The Reason I Had an Early Gender Scan & Why I Wanted a Boy
Thursday, 14 April 2016
This is quite a personal post and I have been thinking for weeks and weeks if I should publish this post or not. But I have decided to because I have noticed that there is such thing as gender disappointment and I have read a few others posts about it too. I have always wanted a little boy. A little boy I can call my son. Always. I have no idea why and it doesn't mean I love my girls any less.
When I found out I was pregnant I didn't think about the gender for the first few weeks because of the worrying and confusion that was going on at the time. However, after a few weeks I did have a preference and I knew I wanted a boy. I knew this was going to be our last baby and so for this baby to be the last, a boy would be perfect. This is the reason why I wanted an early gender scan. I was impatient and couldn't wait much longer.
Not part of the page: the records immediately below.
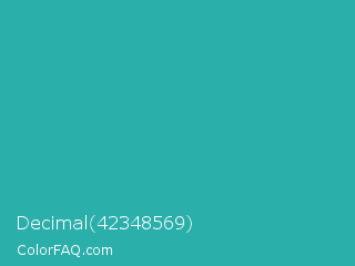 Decimal 42348569 Color is a normal cyan color and the nearest color is Light Sea Green #20b2aa. Hex code #2bafab and RGB value is rgb(43,175,171). In RGB color space, this color is composed of 17% red, 69% green, 67% blue, In CMYK color space, this color is composed of 75% cyan, 0% magenta, 2% yellow , 31% black , In HSL color space, this color has a hue angle of 178° , 61% saturation and 43% lightness.
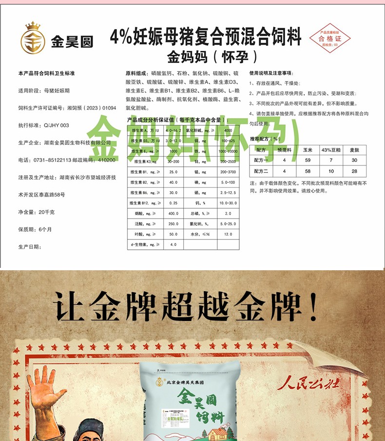 - 滿贈滿10件贈1件,【金昊圓-金媽媽】4%妊娠母豬預混料飼料 妊娠料懷孕料階段使用
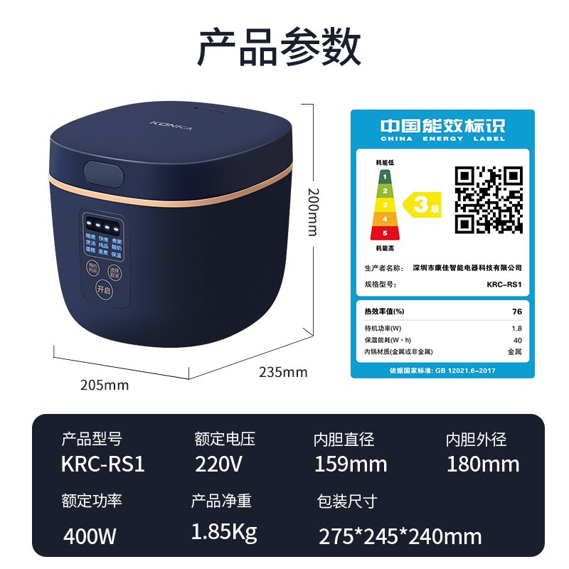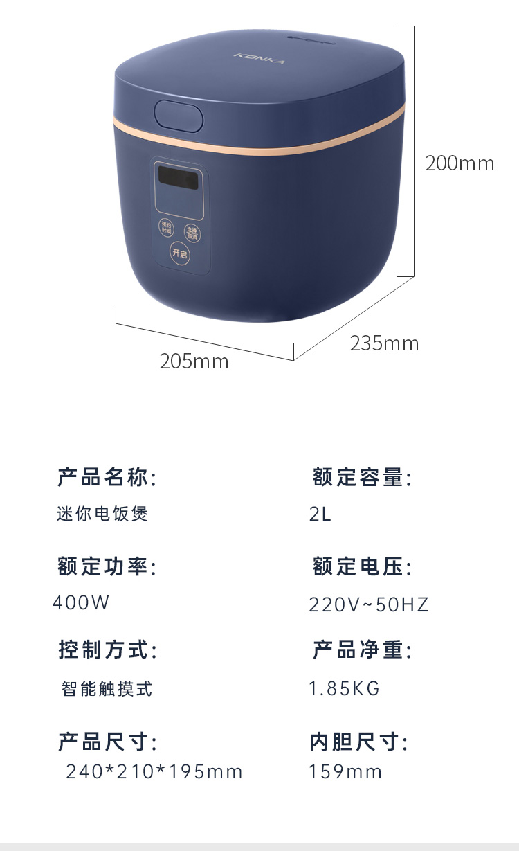 - 商品名称:康佳(KONKA)迷你电饭煲小电饭锅 2L容量智能温控24小时预约 KRC-RS1

I didn't really have a 'feeling' if I was a carrying a boy or girl but I had a small feeling it was a boy. But I think it was because I wanted a boy. When I went to that private scan room, I was so nervous. I was honestly scared and so nervous that she was going to say I was having a girl and I wasn't quite sure how I would have reacted. That sounds extremely bad I know. But I know I would have loved the baby exactly the same as I love the baby boy I am carrying now.
When she told me I was a having a boy I was shocked. I was extremely happy and something click that my life was complete. I have my two beautiful and perfect little girls and now their little baby brother on the way who will be joining us in July sometime. It just feels right and I can not wait. It's so exciting.
When the 20 week scan was coming with the NHS I was nervous again. All I kept thinking was what if baby was actually a girl and not a boy? But one of the reasons was because everything I have bought is for a boy. Another reason was, I had already fallen deeply in love with my little boy, how could I move on to love a girl? If that makes sense. But the man who scanned me said he is 100% a boy! Again, we were happy.
So although I would have been happy if we were having a girl, a boy just seems to be the perfect way to finish and complete our family. My girls are the best of friends at times and so over protective of eachother and I just honestly couldn't picture another girl. I could picture a baby boy alongside them and it's just completed my little family.
Did anyone else have a gender preference?
I appreciate that everyone has their own opinions so please do not be offended by what has been said in this post.